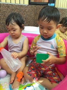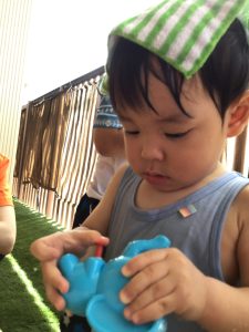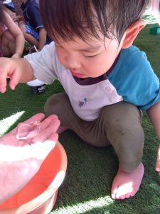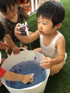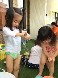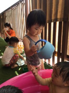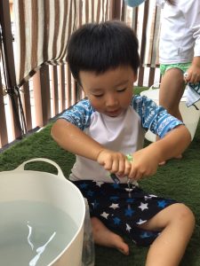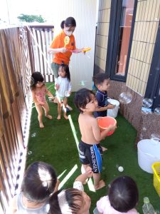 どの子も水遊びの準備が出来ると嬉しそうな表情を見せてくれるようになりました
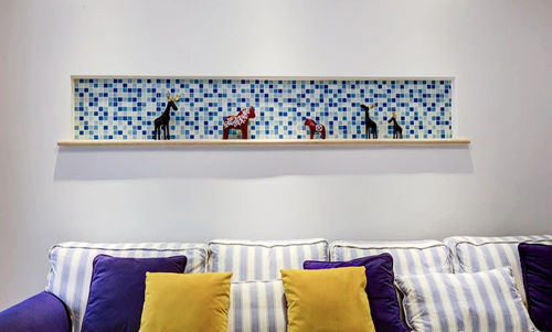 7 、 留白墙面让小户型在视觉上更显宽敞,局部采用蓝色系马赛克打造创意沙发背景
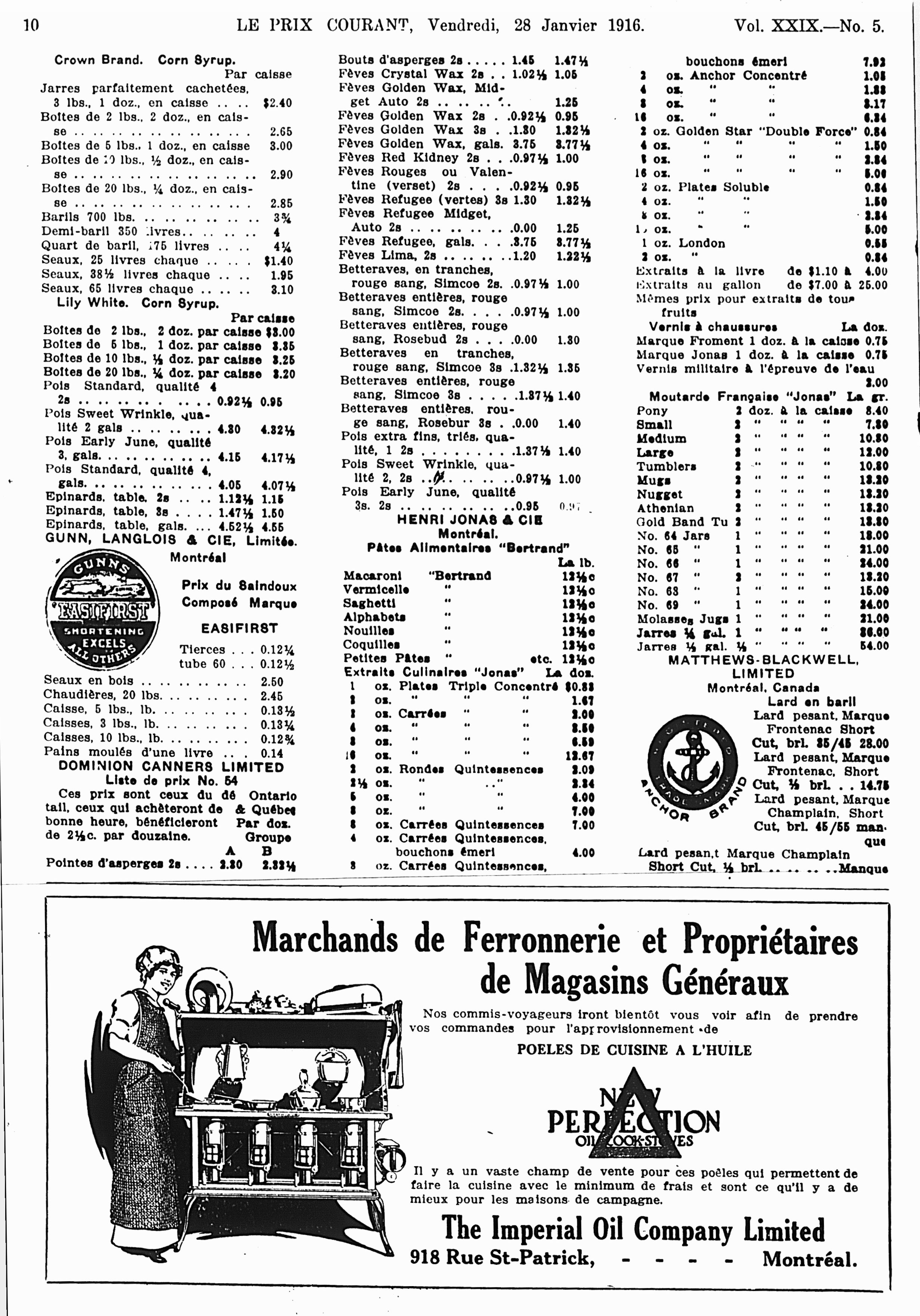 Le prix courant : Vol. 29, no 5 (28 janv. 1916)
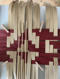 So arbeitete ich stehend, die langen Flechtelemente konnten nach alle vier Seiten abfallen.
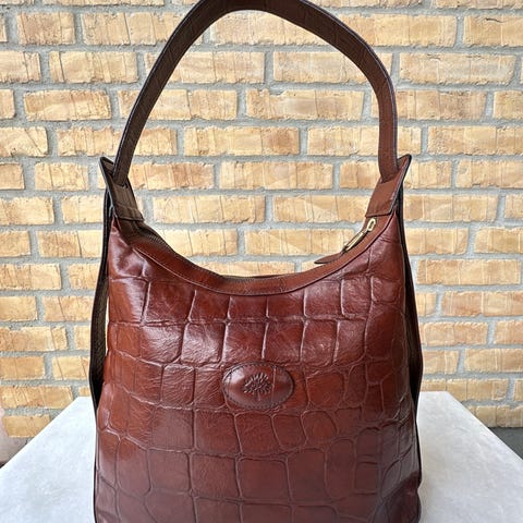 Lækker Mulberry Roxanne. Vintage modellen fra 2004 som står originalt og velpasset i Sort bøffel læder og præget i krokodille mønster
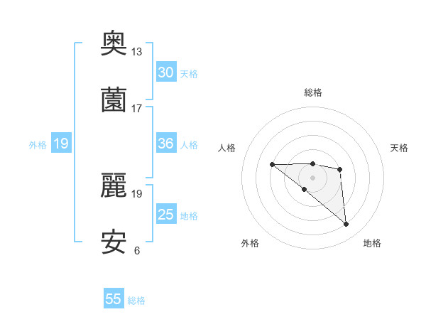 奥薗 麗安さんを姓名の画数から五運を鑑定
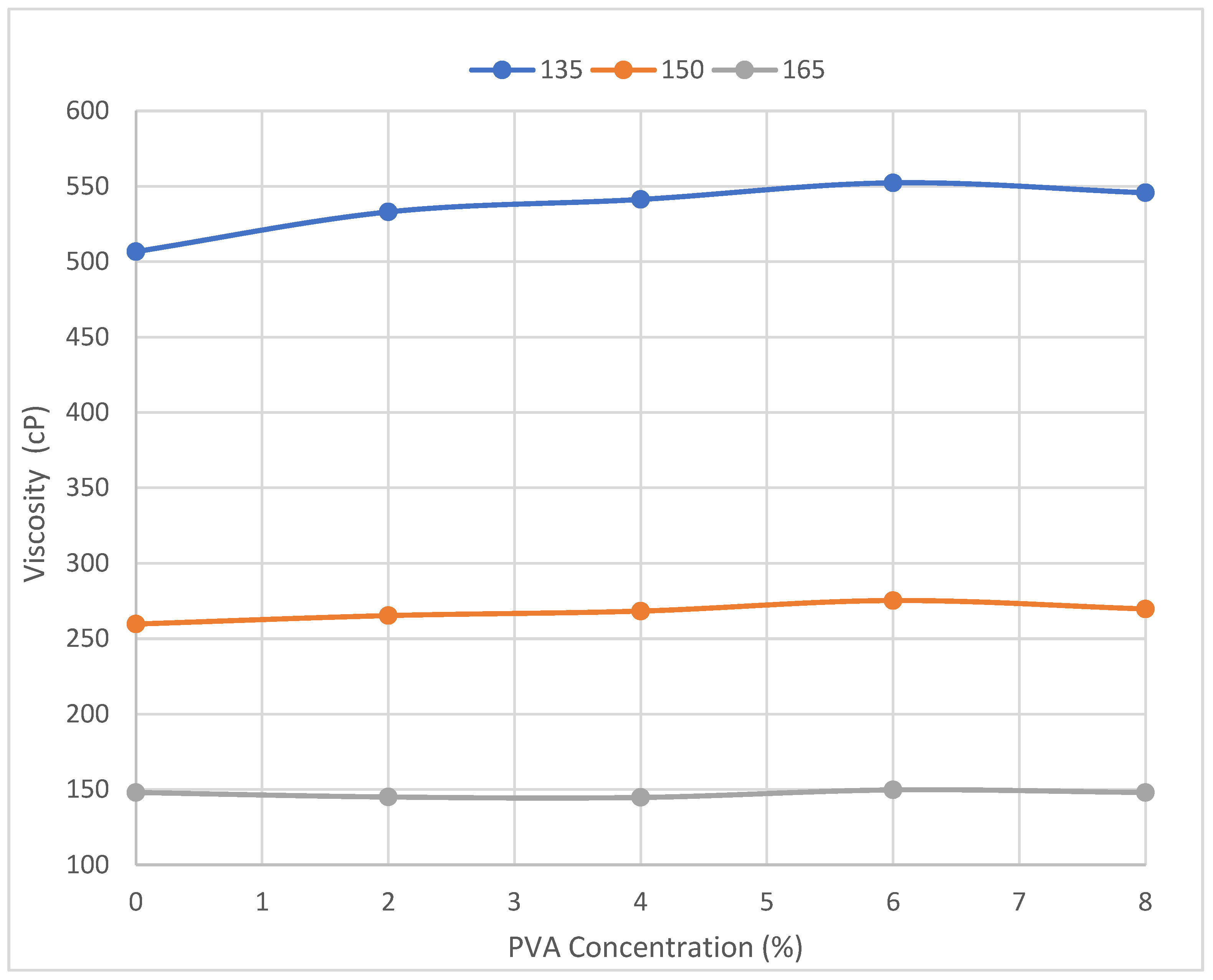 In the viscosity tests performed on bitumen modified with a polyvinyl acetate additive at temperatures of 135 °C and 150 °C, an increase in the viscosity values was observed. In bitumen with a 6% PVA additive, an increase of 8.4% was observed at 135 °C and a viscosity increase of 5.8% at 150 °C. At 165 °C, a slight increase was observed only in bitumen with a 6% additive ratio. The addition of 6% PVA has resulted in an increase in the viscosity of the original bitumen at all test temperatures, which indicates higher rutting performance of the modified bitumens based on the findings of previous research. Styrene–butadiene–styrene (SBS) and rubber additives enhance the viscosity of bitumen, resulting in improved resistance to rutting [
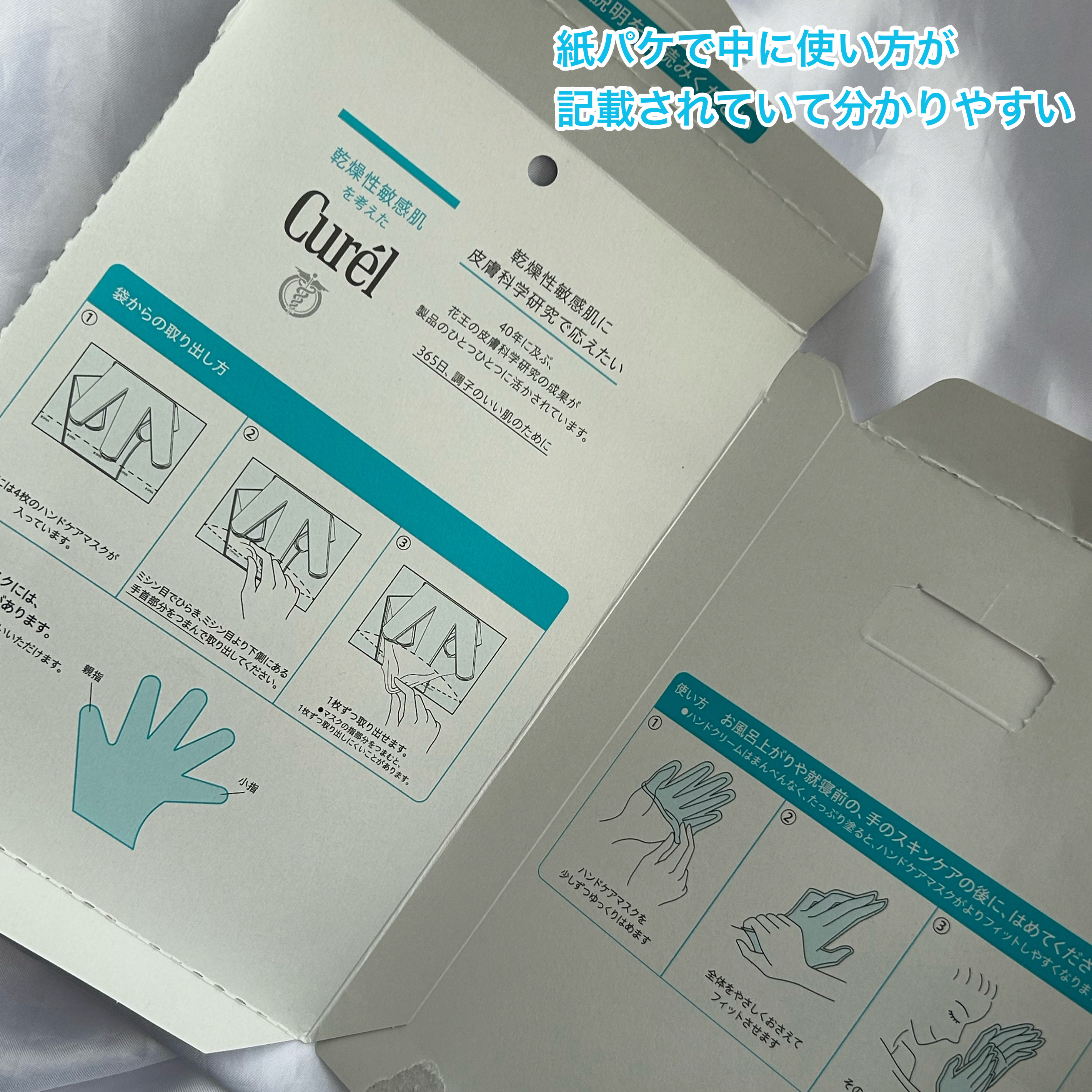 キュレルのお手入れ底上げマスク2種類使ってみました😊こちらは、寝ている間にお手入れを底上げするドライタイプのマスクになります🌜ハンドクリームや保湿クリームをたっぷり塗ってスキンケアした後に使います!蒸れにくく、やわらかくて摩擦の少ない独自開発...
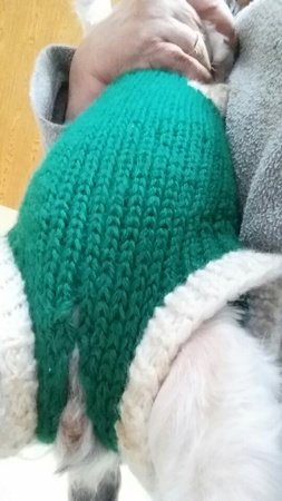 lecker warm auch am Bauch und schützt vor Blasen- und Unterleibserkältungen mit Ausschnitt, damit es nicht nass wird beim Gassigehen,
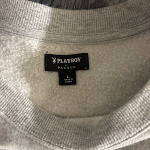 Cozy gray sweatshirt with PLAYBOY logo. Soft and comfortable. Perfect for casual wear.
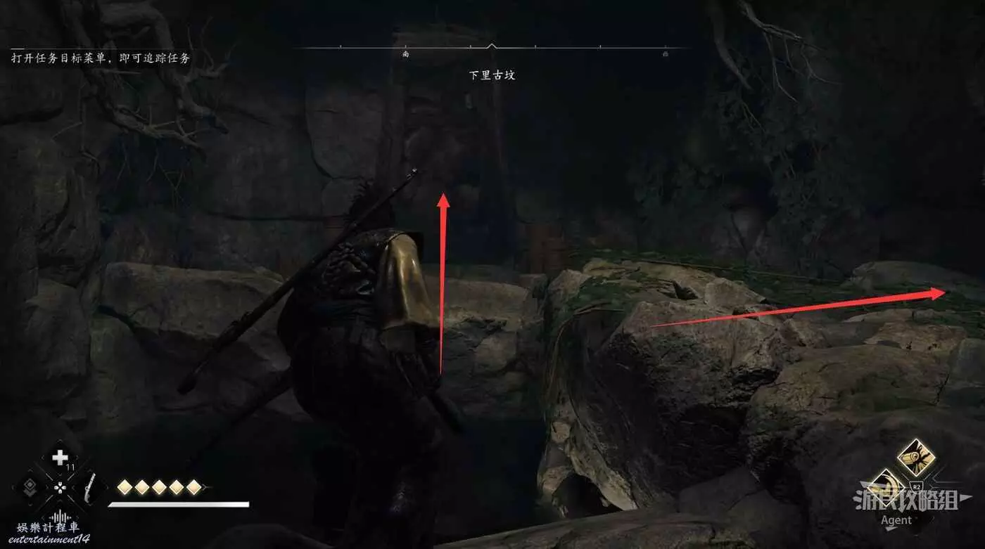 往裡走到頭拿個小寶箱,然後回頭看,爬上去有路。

> _Task instructions_
In the records above, find the line that contains "Cozy gray sweatshirt". Retype it and every line after it, exactly, leaving out all pictures.

> _The answer_
 Cozy gray sweatshirt with PLAYBOY logo. Soft and comfortable. Perfect for casual wear.
 往裡走到頭拿個小寶箱,然後回頭看,爬上去有路。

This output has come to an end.